With medical marijuana soon to be legal in Minnesota, some Grand Forks area physicians said they were unsure of its implications.
Gov. Mark Dayton is expected to sign a bill symbolizing the most restrictive law of its kind in the country. Minnesota is now the 22nd state to legalize medical marijuana.
Under the new law, marijuana extracts could to be used to treat an estimated 5,000 qualifying Minnesotans per month with certain medical conditions.
While some families have expressed relief over the bill’s passage, some local physicians said they were unsure of its usefulness for patients.
Monjur Alam, a family physician and department chairman of Sanford Health in East Grand Forks, said 2 to 4 percent of the 400 or more patients he sees per month could qualify for medical marijuana.
“I think that it’s going to be helpful for patients with certain clinical conditions when it is done under strict supervision and control,” he said.
Laura Lizakowski, a palliative medicine physician at Altru Health System in Grand Forks, said she didn’t think it would affect her practice at all. Even her patients who used a legal drug producing similar effects haven’t had consistently positive results, she said.
Under a compromise reached by the House and Senate Thursday, Minnesota will authorize two manufacturing operations to distribute pill or liquid forms of the product to qualified patients in eight distribution points in the state in mid-2015.
Targeted at the state’s most ill patients, medical marijuana can be used to treat a list of ailments including HIV and AIDS, some forms of seizures and Crohn’s disease. But as local clinics treat patients who live in North Dakota and Minnesota, the question of whether access to the legalized form will be based on residency is still unclear.
“Legislators and community leaders will have to come up with something so patients won’t get affected in a negative way,” said Alam.
Lizakowski’s cancer patients haven’t had success using marijuana or even a pill intended to produce similar results, she said.
A cannabinoid called Marinol, used to stimulate appetite or treat chronic pain and nausea, has been available to patients nationwide for some time now. In the past five years, she’s used it to treat nausea with patients maybe four times, she said.

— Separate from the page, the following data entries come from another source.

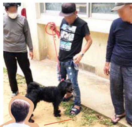
Walking the dog
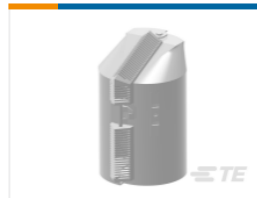
TE 产品编号A90301-000 BCAC-G-5D/8-01(B12)
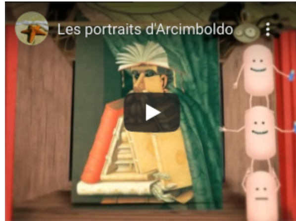
Les portraits d'Arcimboldo https://youtu.be/L8q3qOGGVBg

JE REGARDE DES ŒUVRES ET JE VAIS À LA RENCONTRE DES ARTISTES
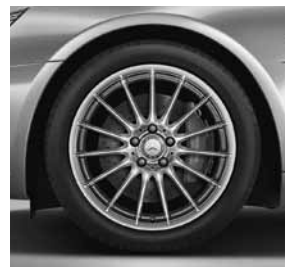
45,7 cm (18 inch) vijftienspaaks lichtmetalen velg (R34/40R/3R9)

Most discontinued the pill because of its cost, she said.
In her experience, opiates are still the most popular treatment, she said.

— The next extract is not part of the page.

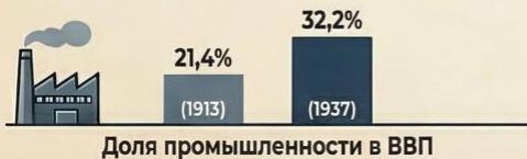
Доля промышленности в ВВП

“There are so many other things we can do to get their pain managed,” she said.
However, Alam said the chemical formulation of medical marijuana will likely be quite a bit different than the one in Marinol, which can contain more than 2.5 milligrams of synthetic marijuana per dose.
“I’m not aware of any head-to-head comparison between Marinol and medical marijuana, but I think the main difference is going to be in the chemical composition,” he said.
Both physicians shared concerns about potential abuse, how the medical use of the drug will conflict with state law and any side effects, long-term or otherwise.
“We know there are some chemicals which can be carcinogenic when marijuana is smoked, but the other forms, like pill form or liquid form, I’m not sure yet what we’re going to find,” Alam said. “We’ll just have to see. It’s going to be a trial-and-error thing.”
The federal government’s categorization of marijuana as a Schedule 1 drug has hindered research on its use for treatment, another concern for physicians.
According to the U.S. Drug Enforcement Administration, these drugs have no currently accepted medical use, a high potential for abuse and are the “most dangerous drugs” of all the classified drugs that have “potentially severe psychological or physical dependence.” But some preclinical studies have found cannabinoids useful in inhibiting tumor growth, destroyed liver cancer cells and might protect against colon inflammation, according to cancer.gov.
‘Wait and see’
The Minnesota Medical Association has said in news reports it would not oppose the bill, while the North Dakota association on Friday said it does not hold an official policy position.
“Our members are reviewing the developing research in the field and NDMA will continue to study the issue until such research can be adequately assessed,” said Courtney Koebele, executive director, in a release.
North Dakota had an short-lived attempt at a marijuana law in 2012.
A Fargo legislator proposed to make using and growing the drug for medical purposes legal, but a petition failed when some signatures turned out to be fake.
Alam said the only way he could say if it’s a positive thing is when they have more experience with it.
“I think it’s a wait-and-see thing,” he said. “I’m sure we’ll have more conversation among our physician communities to come up with a guideline and follow the American Academy of Family Physicians and see how we can approach this.”